- _Excerpted records_
[Start of Attachment]

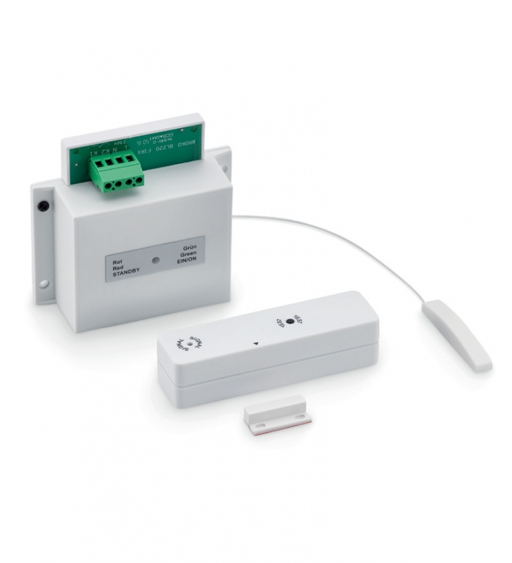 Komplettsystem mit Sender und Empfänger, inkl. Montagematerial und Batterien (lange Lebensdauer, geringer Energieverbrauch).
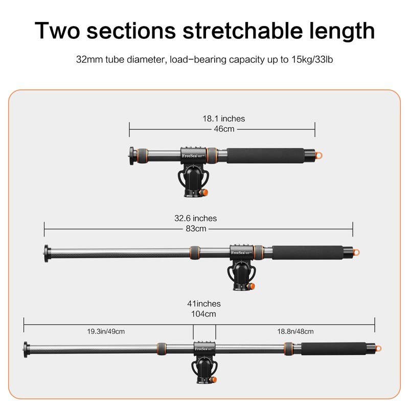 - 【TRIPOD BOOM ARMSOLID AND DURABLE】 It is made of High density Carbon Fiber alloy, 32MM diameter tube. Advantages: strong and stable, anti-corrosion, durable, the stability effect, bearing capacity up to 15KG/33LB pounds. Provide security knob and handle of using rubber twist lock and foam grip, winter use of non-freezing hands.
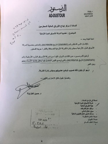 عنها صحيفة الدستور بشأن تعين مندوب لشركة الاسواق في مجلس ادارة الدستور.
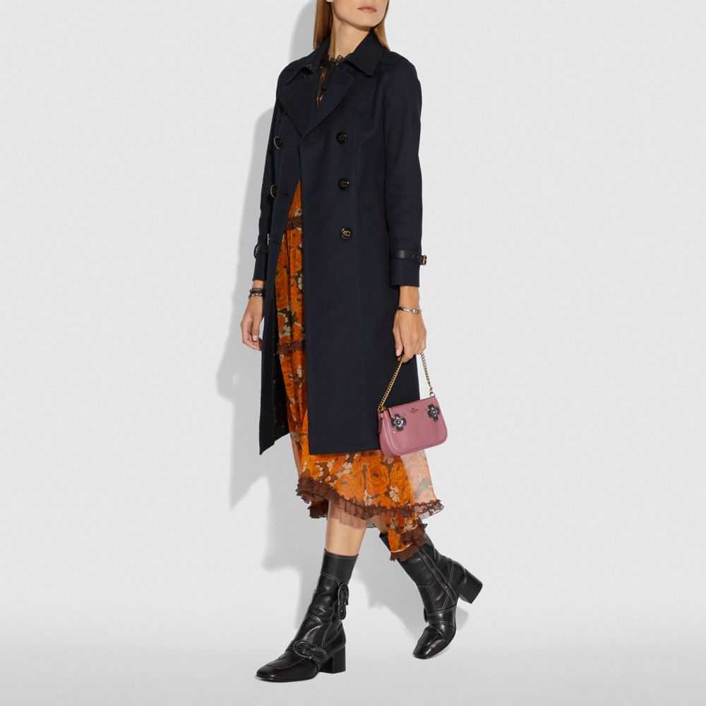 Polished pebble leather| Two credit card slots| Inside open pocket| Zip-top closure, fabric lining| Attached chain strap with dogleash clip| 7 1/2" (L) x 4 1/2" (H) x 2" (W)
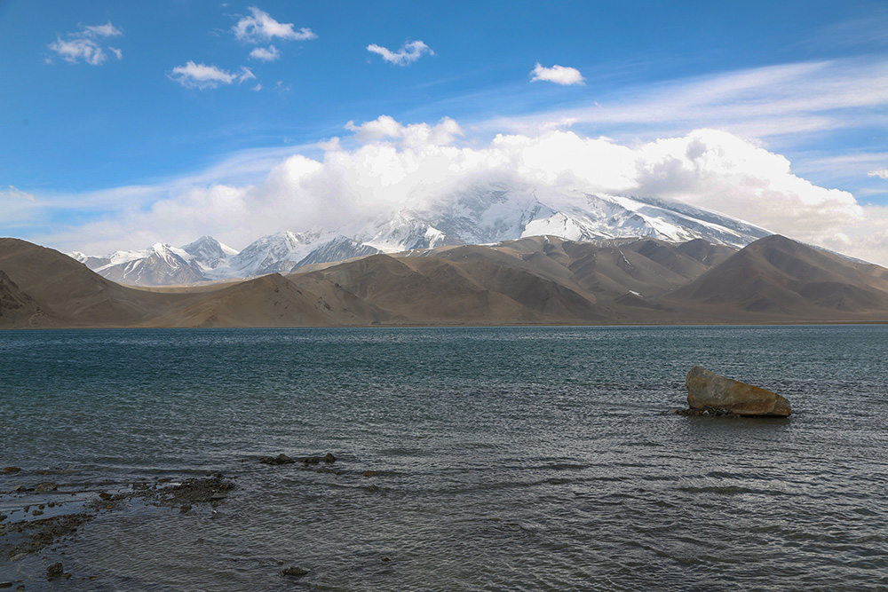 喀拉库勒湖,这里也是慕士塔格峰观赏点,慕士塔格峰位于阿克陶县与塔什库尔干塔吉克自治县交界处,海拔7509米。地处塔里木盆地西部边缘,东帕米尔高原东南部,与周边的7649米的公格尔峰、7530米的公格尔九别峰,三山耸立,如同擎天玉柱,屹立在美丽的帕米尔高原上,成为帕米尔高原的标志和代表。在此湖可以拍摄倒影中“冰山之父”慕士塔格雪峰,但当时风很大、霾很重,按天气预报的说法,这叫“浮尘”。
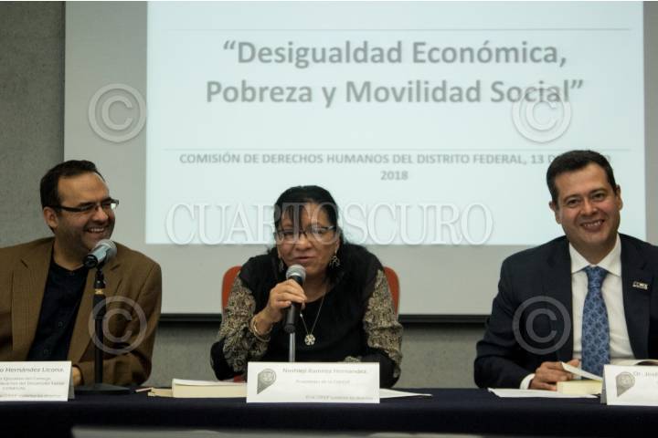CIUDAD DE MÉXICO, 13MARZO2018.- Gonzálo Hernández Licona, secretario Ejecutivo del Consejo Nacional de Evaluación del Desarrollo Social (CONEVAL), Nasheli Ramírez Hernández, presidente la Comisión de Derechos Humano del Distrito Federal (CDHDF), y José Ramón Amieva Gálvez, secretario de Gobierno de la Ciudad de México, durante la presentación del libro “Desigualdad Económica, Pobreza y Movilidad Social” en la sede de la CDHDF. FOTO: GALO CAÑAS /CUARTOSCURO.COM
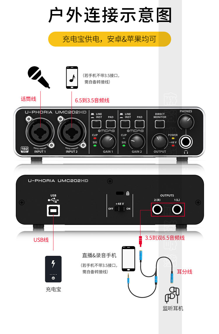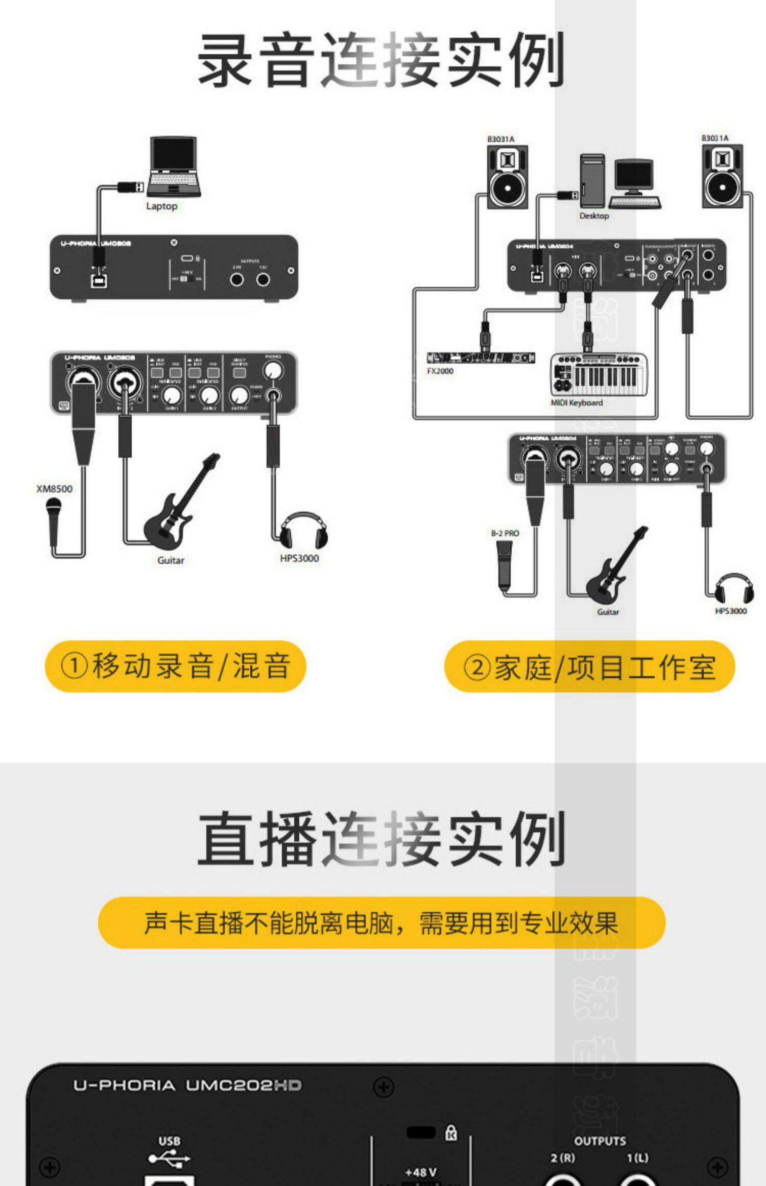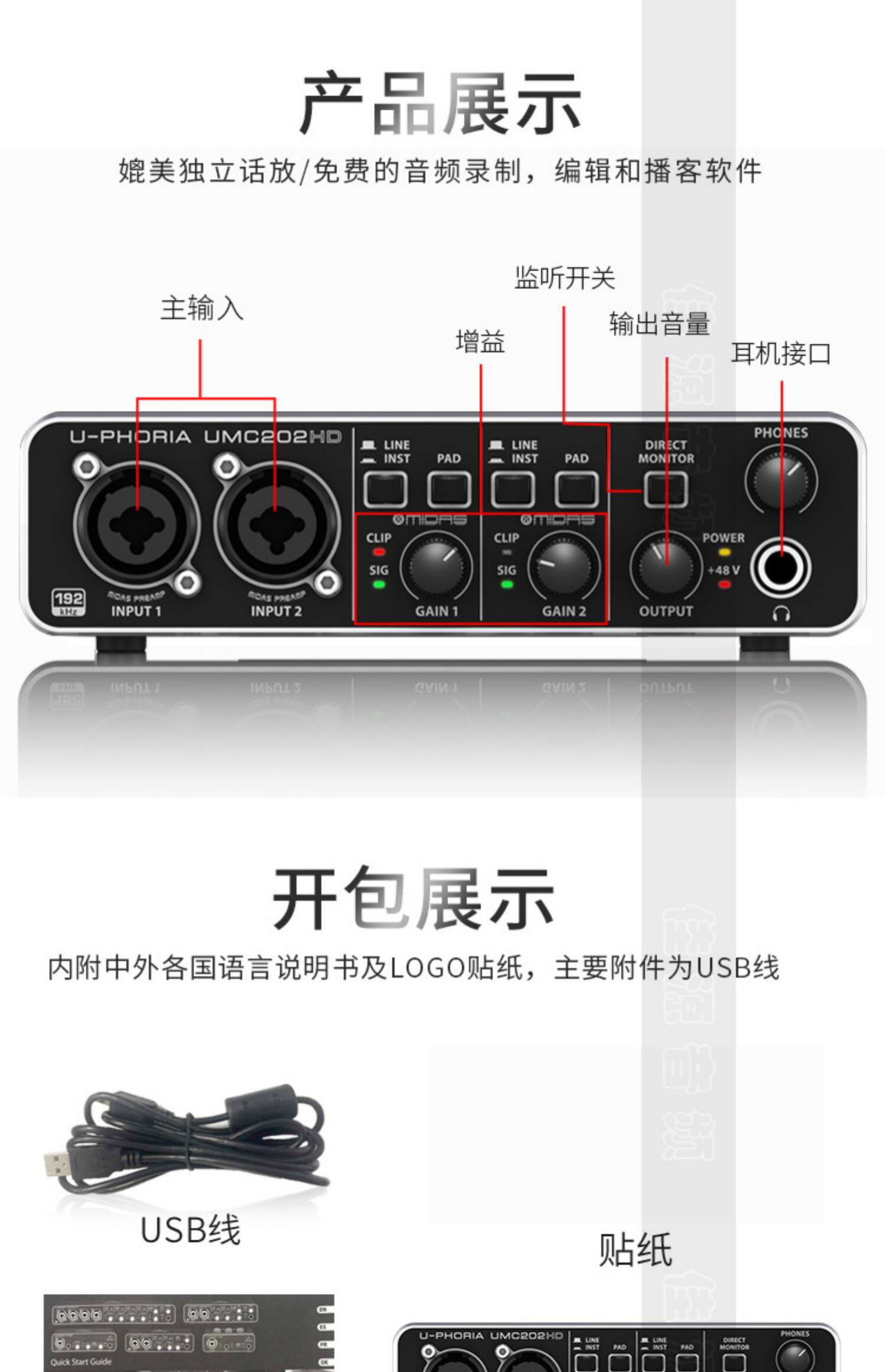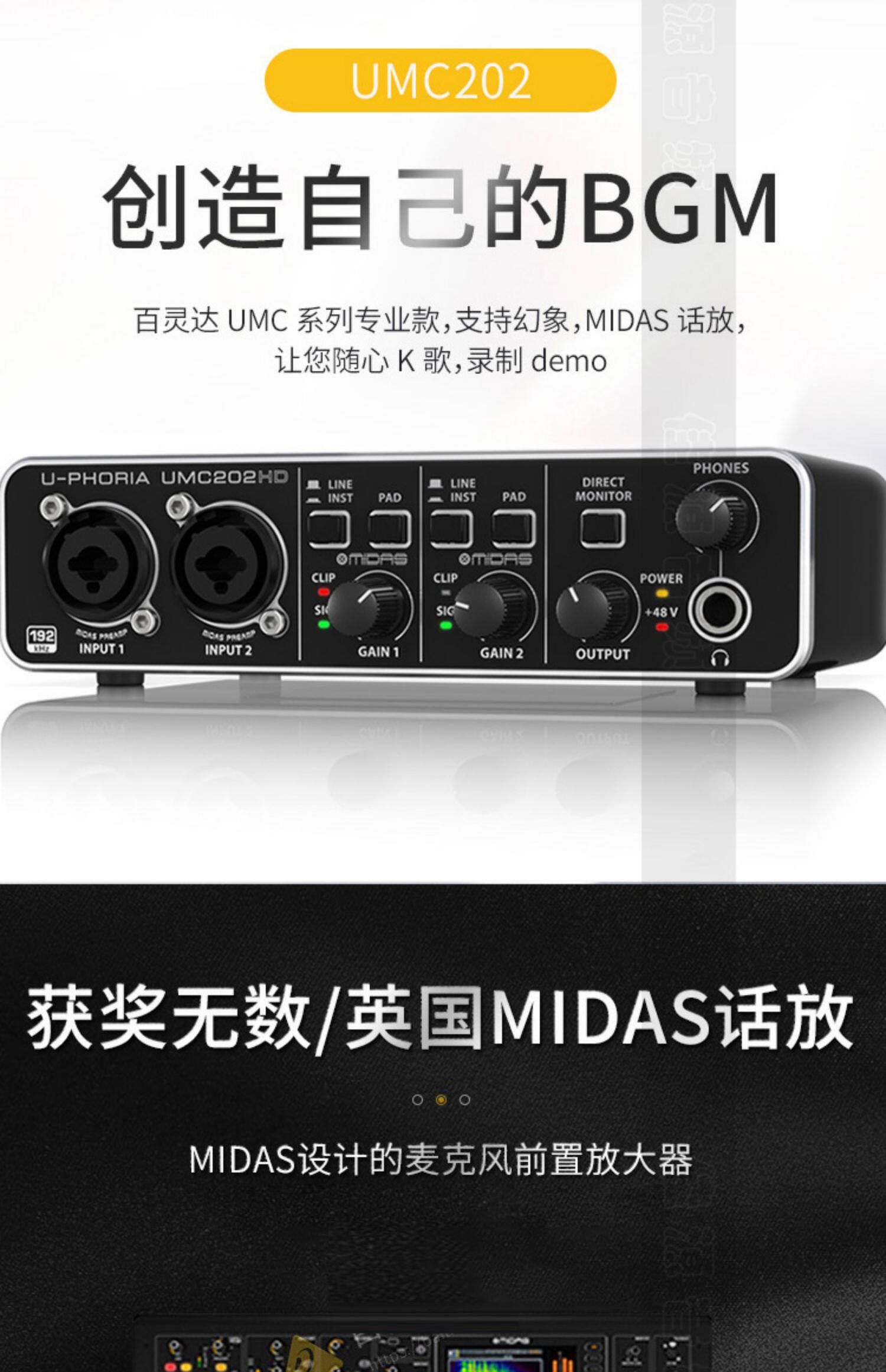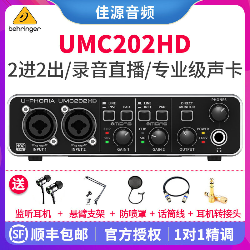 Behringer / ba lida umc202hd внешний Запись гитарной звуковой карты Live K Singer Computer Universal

[End of Attachment]

- _About this exercise_
Print out the whole of the material word for word, without pictures.

- _Task solution_
 Komplettsystem mit Sender und Empfänger, inkl. Montagematerial und Batterien (lange Lebensdauer, geringer Energieverbrauch).
 - 【TRIPOD BOOM ARMSOLID AND DURABLE】 It is made of High density Carbon Fiber alloy, 32MM diameter tube. Advantages: strong and stable, anti-corrosion, durable, the stability effect, bearing capacity up to 15KG/33LB pounds. Provide security knob and handle of using rubber twist lock and foam grip, winter use of non-freezing hands.
 عنها صحيفة الدستور بشأن تعين مندوب لشركة الاسواق في مجلس ادارة الدستور.
 Polished pebble leather| Two credit card slots| Inside open pocket| Zip-top closure, fabric lining| Attached chain strap with dogleash clip| 7 1/2" (L) x 4 1/2" (H) x 2" (W)
 喀拉库勒湖,这里也是慕士塔格峰观赏点,慕士塔格峰位于阿克陶县与塔什库尔干塔吉克自治县交界处,海拔7509米。地处塔里木盆地西部边缘,东帕米尔高原东南部,与周边的7649米的公格尔峰、7530米的公格尔九别峰,三山耸立,如同擎天玉柱,屹立在美丽的帕米尔高原上,成为帕米尔高原的标志和代表。在此湖可以拍摄倒影中“冰山之父”慕士塔格雪峰,但当时风很大、霾很重,按天气预报的说法,这叫“浮尘”。
CIUDAD DE MÉXICO, 13MARZO2018.- Gonzálo Hernández Licona, secretario Ejecutivo del Consejo Nacional de Evaluación del Desarrollo Social (CONEVAL), Nasheli Ramírez Hernández, presidente la Comisión de Derechos Humano del Distrito Federal (CDHDF), y José Ramón Amieva Gálvez, secretario de Gobierno de la Ciudad de México, durante la presentación del libro “Desigualdad Económica, Pobreza y Movilidad Social” en la sede de la CDHDF. FOTO: GALO CAÑAS /CUARTOSCURO.COM
 Behringer / ba lida umc202hd внешний Запись гитарной звуковой карты Live K Singer Computer Universal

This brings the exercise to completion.